Con Edward G. Robinson no sé por dónde empezar. Si Bogart era bajito Edward G. Robinson es un enano que se ha escapado del circo…  aunque un enano muy duro,  por descontado. Además de duro también era un enano muy afortunado, porque que yo sepa en ninguna película le saltan todos los dientes, cuando con una patada no demasiado alta habría sobrado. Otro más que se redimiría como actor en películas como La mujer del cuadro. Por cierto, su primo escribe muchísimos libros y lleva muchos años amargándoles la existencia a los norcoreanos.

Los hermanos Tonetti, preparando su último número para el circo

Los hermanos Tonetti, preparando su último número para el circo

Por último tenemos a James Cagney, que tampoco era un coloso, precisamente. Por lo menos Cagney aparece en las películas de gangsters apuntalando la autoridad de sus imponentes 1,65 metros de estatura con una pistola (es curioso, pero es un recurso que suele conferir bastante autoridad), no como Bogart, que sólo la sacaba hacia el final de la película. A pesar de todo, yo a James Cagney le perdono lo que sea porque es el protagonista de una de mis películas favoritas.

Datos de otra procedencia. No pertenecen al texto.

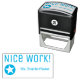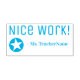 This positive rubber stamp design features the message "Nice Work!" and a custom teacher name. It also features a decorative star shape. It could be used by a teacher, educator, instructor, or tutor when grading student work, to indicate that a student has done an exceptional job.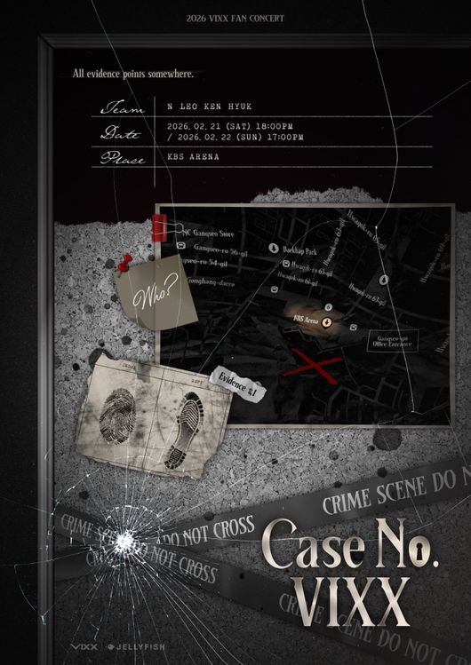 앞서 공개된 팬 콘서트 포스터는 범죄 현장을 추적하는 디자인을 콘셉트로 팀명과 멤버들의 이름, 공연 일정과 장소를 사건 기록처럼 배치해 눈길을 끌었다. 증거 요소들이 더해진 탐정 콘셉트 무드는 ‘Case No. VIXX’라는 타이틀과 맞물리며 이번 팬 콘서트에서 펼쳐질 스토리와 무대에 대한 기대감을 한층 끌어올렸다.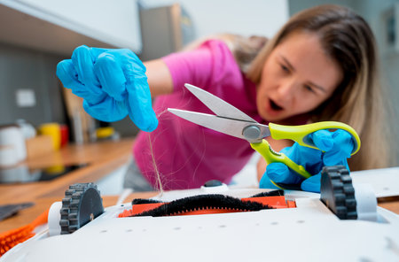 A young woman cleans a robot vacuum cleaner from dirt after cleaning.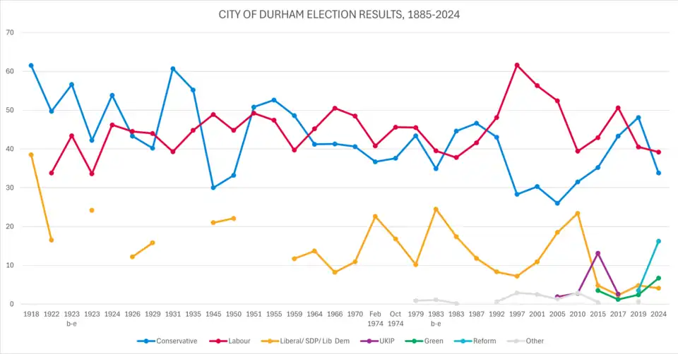 The seat has been held by all three major parties in its long existence, but has been a marginal constituency between the Labour and Conservative parties in the years since the Second World War. Labour held the seat for 27 years from 1992 with their candidate Jenny Chapman winning the seat in 2010 with a 3,388 majority down from 10,404 in the previous election. In 2015, her majority over the Conservatives fell to 3,158. In the 2019 general election Conservative Peter Gibson defeated Chapman with a 3,294 majority before being defeated himself in 2024 by Lola McEvoy of Labour by a margin of 2,298
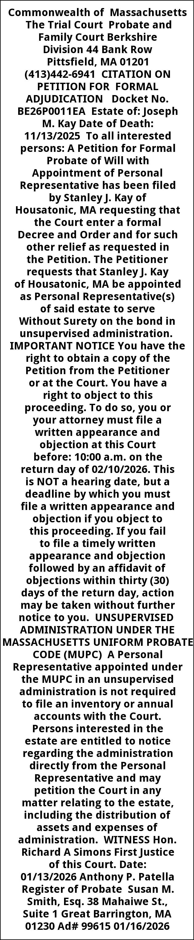 Commonwealth of Massachusetts The Trial Court Probate and Family Court Berkshire Division 44 Bank Row Pittsfield, MA 01201 (413)442-6941 CITATION ON PETITION FOR FORMAL ADJUDICATION Docket No. BE26P0011EA Estate of: Joseph M. Kay Date of Death: 11/13/2025 To all interested persons: A Petition for Formal Probate of Will with Appointment of Personal Representative has been filed by Stanley J. Kay of Housatonic, MA requesting that the Court enter a formal Decree and Order and for such other relief as requested in the Petition. The Petitioner requests that Stanley J. Kay of Housatonic, MA be appointed as Personal Representative(s) of said estate to serve Without Surety on the bond in unsupervised administration. IMPORTANT NOTICE You have the right to obtain a copy of the Petition from the Petitioner or at the Court. You have a right to object to this proceeding. To do so, you or your attorney must file a written appearance and objection at this Court before: 10:00 a.m. on the return day of 02/10/2026. This is NOT a hearing date, but a deadline by which you must file a written appearance and objection if you object to this proceeding. If you fail to file a timely written appearance and objection followed by an affidavit of objections within thirty (30) days of the return day, action may be taken without further notice to you. UNSUPERVISED ADMINISTRATION UNDER THE MASSACHUSETTS UNIFORM PROBATE CODE (MUPC) A Personal Representative appointed under the MUPC in an unsupervised administration is not required to file an inventory or annual accounts with the Court. Persons interested in the estate are entitled to notice regarding the administration directly from the Personal Representative and may petition the Court in any matter relating to the estate, including the distribution of assets and expenses of administration. WITNESS Hon. Richard A Simons First Justice of this Court. Date: 01/13/2026 Anthony P. Patella Register of Probate Susan M. Smith, Esq. 38 Mahaiwe St., Suite 1 Great Barrington, MA 01230 Ad# 99615 01/16/2026
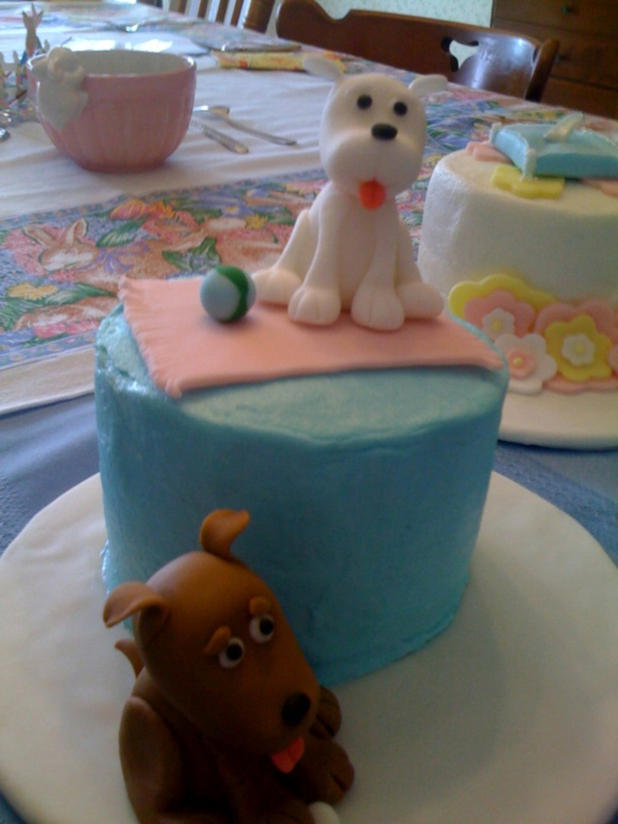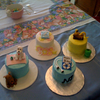 There are 4 birthdays in April for my family and we decided to celebrate them all together. I made each one of them a mini cake. Each one is a two layer 4in. cake specific to each one's interest. BC icing with fondant accents. These were super fun to make.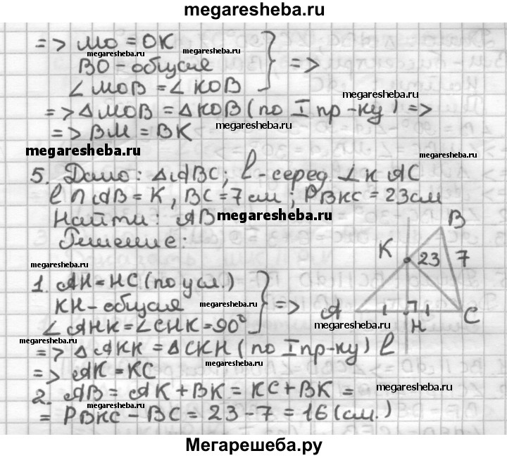Тема. Треугольники 1. Докажите равенство треугольников ABD и CDB (рис. 275), если ∠ABD = ∠CDB и АВ= CD. 2. Найдите стороны равнобедренного треугольника, если его периметр равен 76 см, а основание на 14 см меньше боковой стороны. 3. На рисунке 276 ∠ABE = ∠CBE, ∠AEB = ∠CEB. Докажите равенство отрезков AD и CD. 4. На боковых сторонах АВ и ВС равнобедренного треугольника ABC отметили соответственно точки М и К так, что ∠BAK = ∠BCM. Докажите, что ВМ -= ВК. 5. Серединный перпендикуляр стороны АС треугольника ABC пересекает его сторону АВ в точке К. Найдите сторону АВ треугольника ABC, если ВС = 7 см, а периметр треугольника ВКС равен 23 см.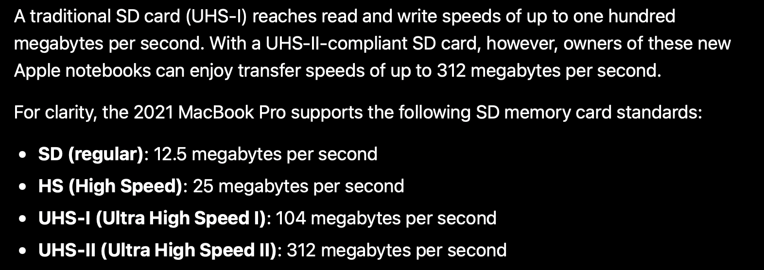 It reads at UHS 2 speeds which is up to 312mb/s. Is that too slow for you? lolI bought the computer mostly for photography use. The MBP M1 Pro SD card reader is roughly 1/5th the speed of the $39 USB-C dongle that Apple sells and is so slow that several SD cards can't be read at all.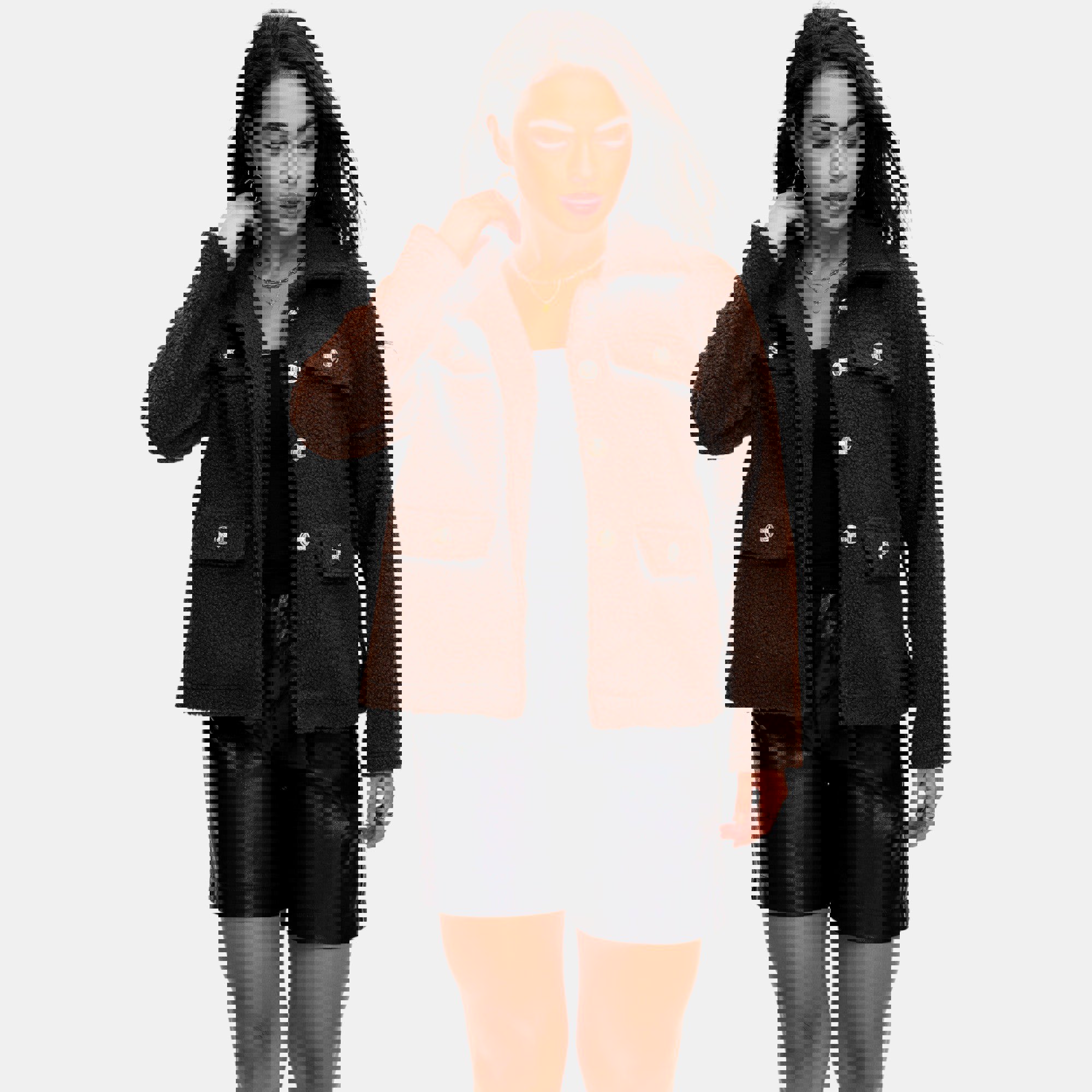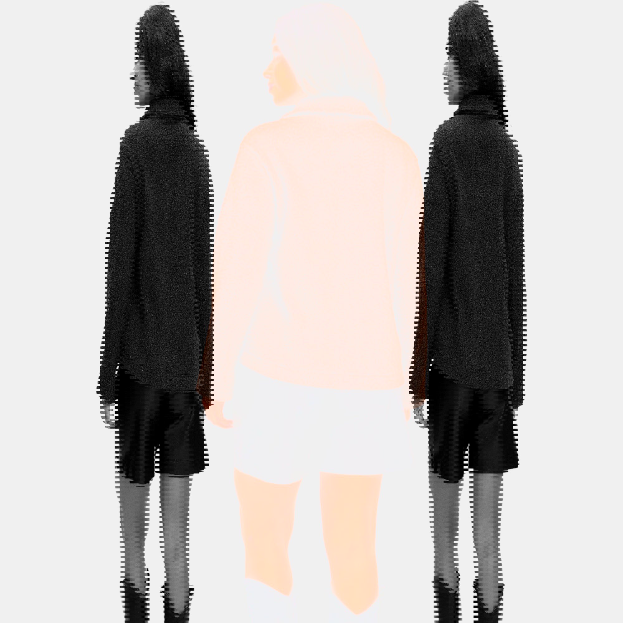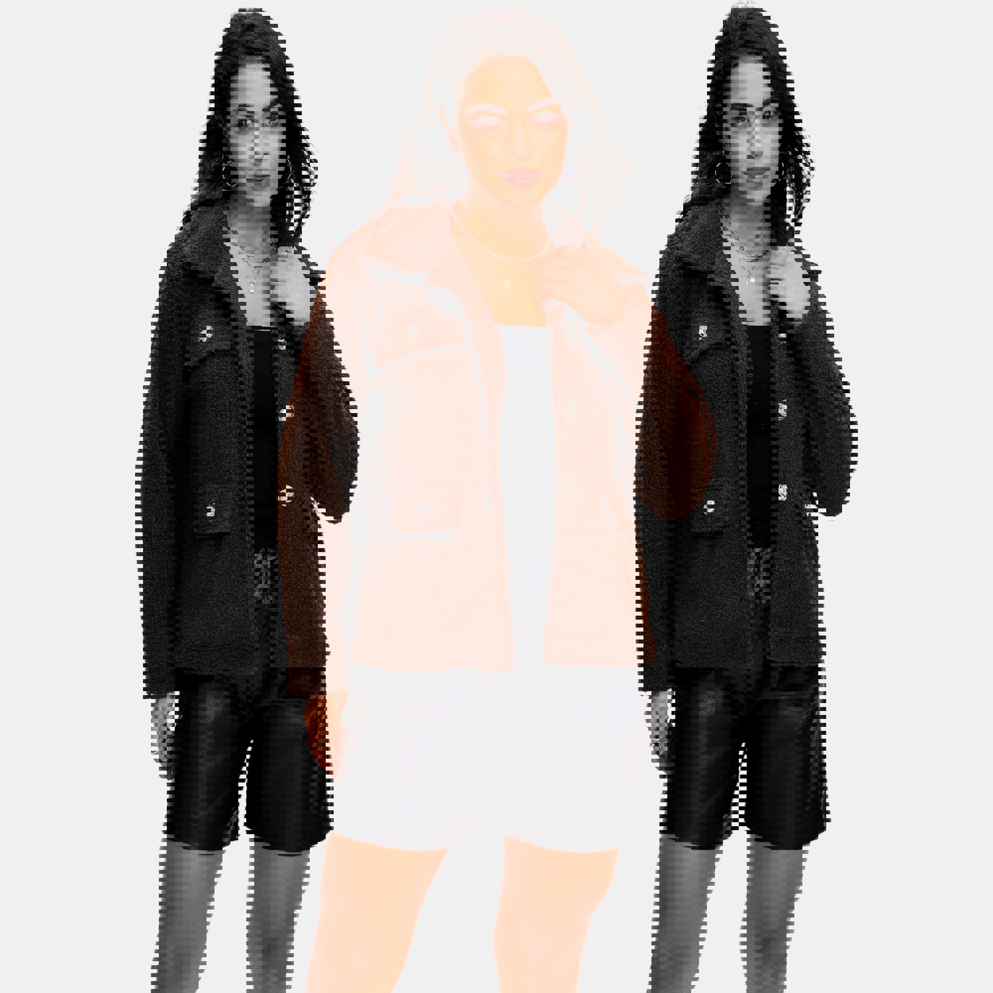 This textured fleece jacket offers a soft cozy feel with a relaxed silhouette that layers effortlessly over casual outfits. The button front closure and collared neckline add a polished touch while the front patch pockets bring both function and style. Perfect for cooler days this versatile jacket pairs easily with denim leggings or shorts making it a comfortable go to layer for everyday wear.
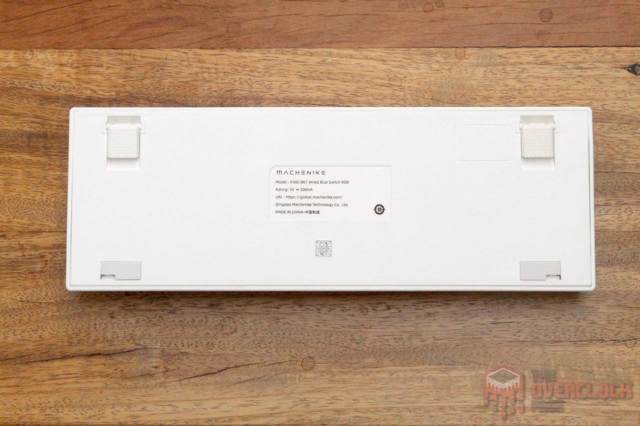 A parte inferior do teclado possui 2 borrachas nas extremidades e apesar de ser um modelo 60%, ele possui os “pezinhos” para ajuste da altura, que assim como o restante da carcaça, também são em plástico.
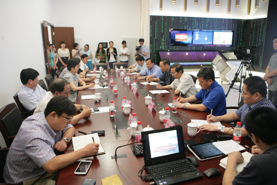 与会领导听取中国艺术报社社长、中国文联文艺资源中心主任向云驹作文艺资源中心项目汇报 孟祥宁摄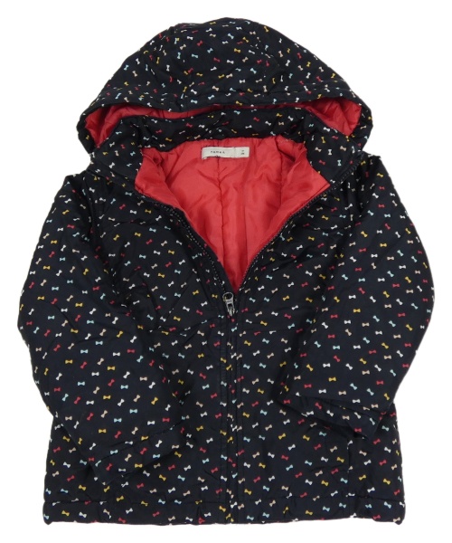 Černá šusťáková zimní bunda s mašličkami a odepínací kapucí Name it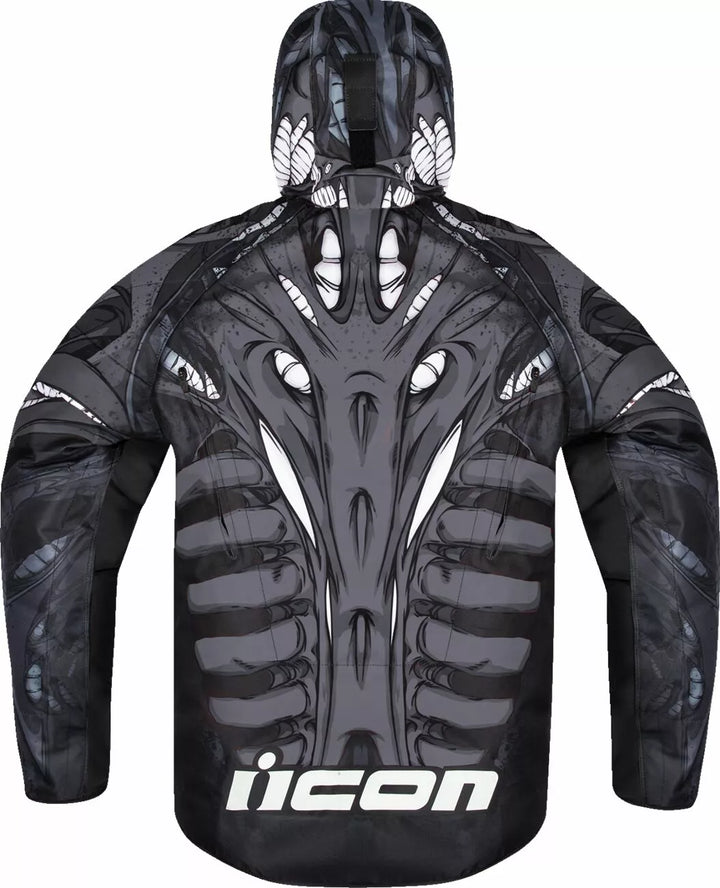 Airform Manik'r ™ Grafik auf der Vorder- und Rückseite der Jacke, 420d Polyester-Chassis mit 300D-interner Verstärkung, PU-beschichtetem Schalenmaterial mit DWR-Finish, D30® Abnehmbarer Viper-Rückenschutz; Ellbogen- und Schulter-Impact-Protectors, Bungee-Kabelstil-Kordelhaube, Airfly ™ -Menen-Vorder-Mesh-Panel mit Brust- und Rücken-Reißverschluss-Lüftungsschlitzen, Entlüftungsmanschettenschleizungen, Rückenschutz EN 1621-2 Level 1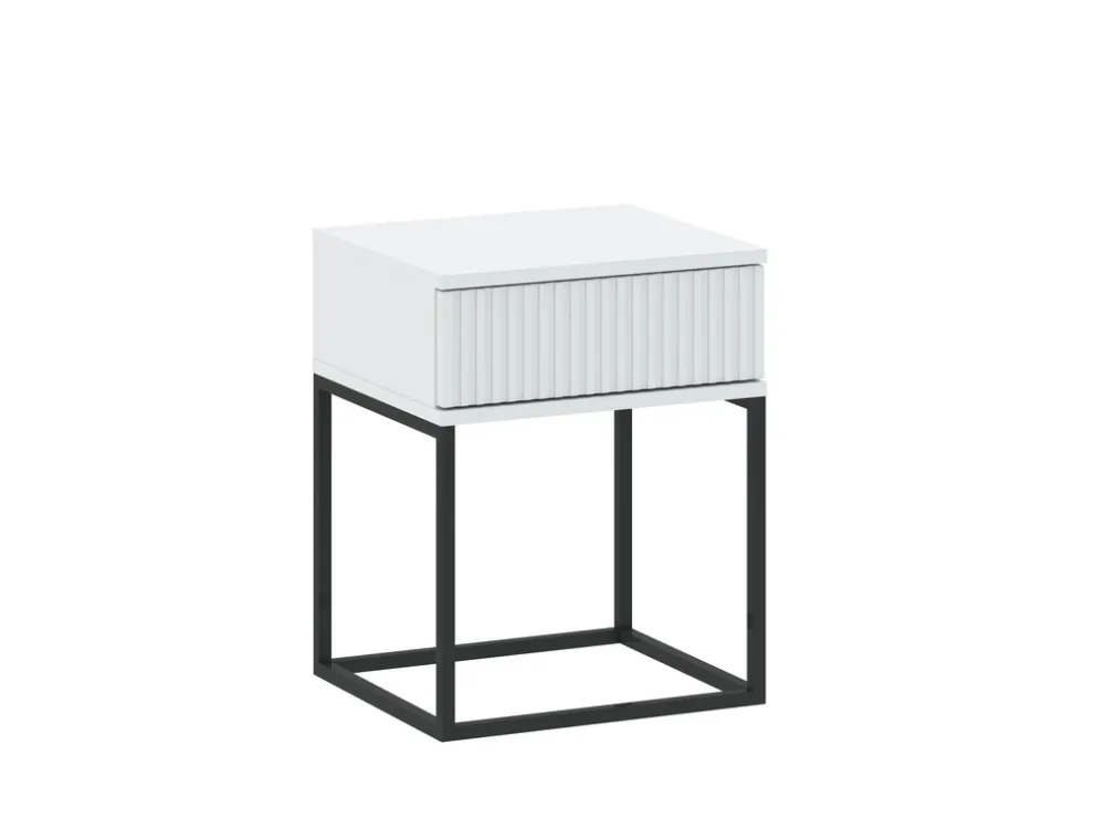 - Szafka nocna COTTA to biały mebel z jedną szufladą, frontem z MDF i czarnymi metalowymi nóżkami. Idealna do nowoczesnej sypialni – kompaktowa, trwała i praktyczna. Stylowa prostota na co dzień i na noc.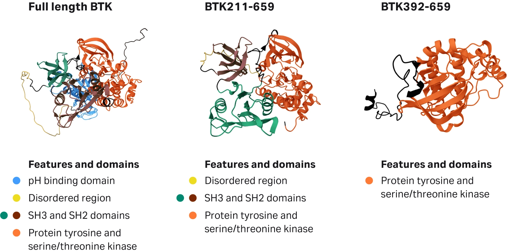 To evaluate the expression of BTK, three BTK constructs were designed using integrated AlphaFold (Figure 2A) and screened against a panel of solubility tags and Cell-free Blends using the eProtein Discovery system™. The BTK kinase domain alone variant, BTK392-659, with an FH8 solubility tag, exhibited a nine-fold increase in expression over full length BTK (Figure 2B). Purification efficiency followed a similar trend, with BTK392-659 producing five-fold more purified protein than full-length BTK (Figure 2C), demonstrating the power of construct optimization in maximizing protein yield and stability.

James Cagney y su peinado escolar

James Cagney y su peinado escolar

Lo único que puedo decir en defensa de estos tres intentos de tipo duro es que al menos se trataba de grandes actores. Quizás eso es lo que salva sus películas de hombres de mirada de acero de la carcajada general y el ridículo más espantoso.

Afortunadamente siempre quedó alguien para defender el pabellón de los tipos duros porque era un auténtico tipo duro: físico de tipo duro y cara de tipo duro. Damas y caballeros, una gran reverencia para el grandísimo Robert Mitchum, buen tipo duro y mejor actor. Aún hay noches en que el predicador Harry Powell vuelve para envenenar mis sueños.